* [WHAT THE TASK REQUIRES] Leave the pictures out. Transcribe exactly every line from the start of the records through the one containing "No need for".

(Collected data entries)
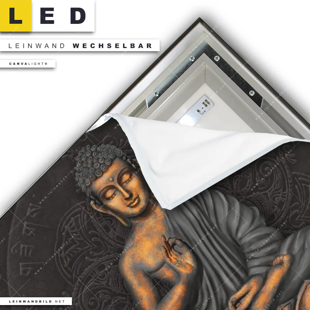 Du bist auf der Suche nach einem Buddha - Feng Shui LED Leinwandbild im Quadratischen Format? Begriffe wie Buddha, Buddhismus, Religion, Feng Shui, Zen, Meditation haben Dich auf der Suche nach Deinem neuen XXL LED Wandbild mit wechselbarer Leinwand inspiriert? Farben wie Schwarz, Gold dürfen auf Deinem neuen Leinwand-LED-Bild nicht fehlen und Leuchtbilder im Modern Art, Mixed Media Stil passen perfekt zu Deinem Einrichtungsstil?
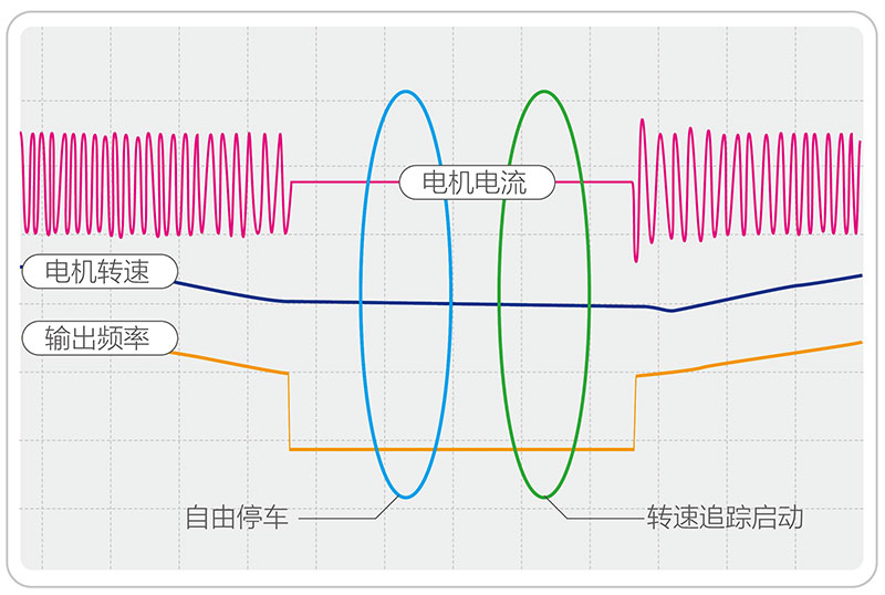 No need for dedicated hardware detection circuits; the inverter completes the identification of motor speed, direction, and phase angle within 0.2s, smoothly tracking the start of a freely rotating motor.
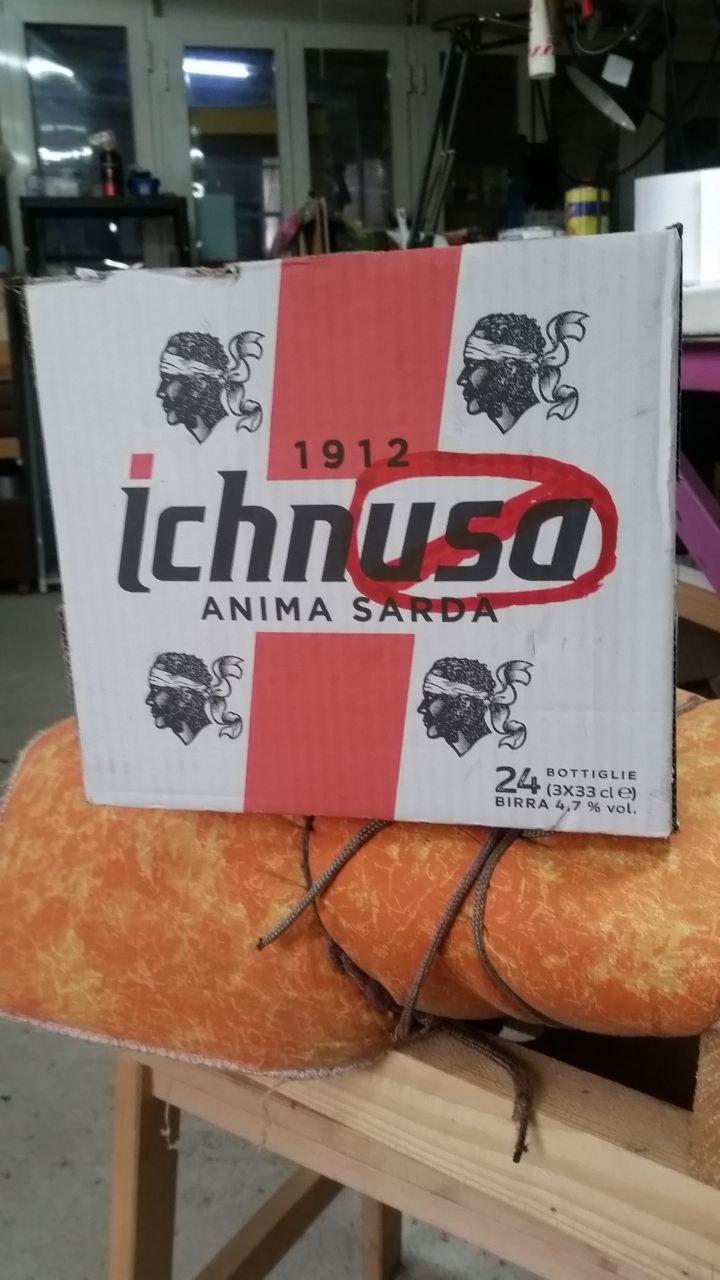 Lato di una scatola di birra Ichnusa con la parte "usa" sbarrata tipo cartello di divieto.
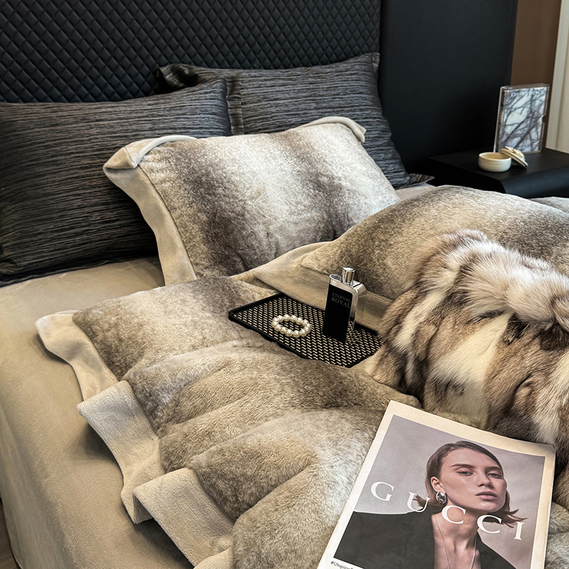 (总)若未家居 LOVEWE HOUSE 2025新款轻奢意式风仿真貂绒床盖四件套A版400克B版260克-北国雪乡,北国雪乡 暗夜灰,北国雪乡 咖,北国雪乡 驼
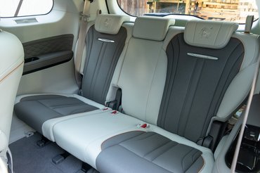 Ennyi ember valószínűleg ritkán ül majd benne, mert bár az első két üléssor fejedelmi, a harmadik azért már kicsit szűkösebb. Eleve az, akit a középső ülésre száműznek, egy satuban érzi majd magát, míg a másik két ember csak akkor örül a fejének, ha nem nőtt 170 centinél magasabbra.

* [SOLUTION]
 Du bist auf der Suche nach einem Buddha - Feng Shui LED Leinwandbild im Quadratischen Format? Begriffe wie Buddha, Buddhismus, Religion, Feng Shui, Zen, Meditation haben Dich auf der Suche nach Deinem neuen XXL LED Wandbild mit wechselbarer Leinwand inspiriert? Farben wie Schwarz, Gold dürfen auf Deinem neuen Leinwand-LED-Bild nicht fehlen und Leuchtbilder im Modern Art, Mixed Media Stil passen perfekt zu Deinem Einrichtungsstil?
 No need for dedicated hardware detection circuits; the inverter completes the identification of motor speed, direction, and phase angle within 0.2s, smoothly tracking the start of a freely rotating motor.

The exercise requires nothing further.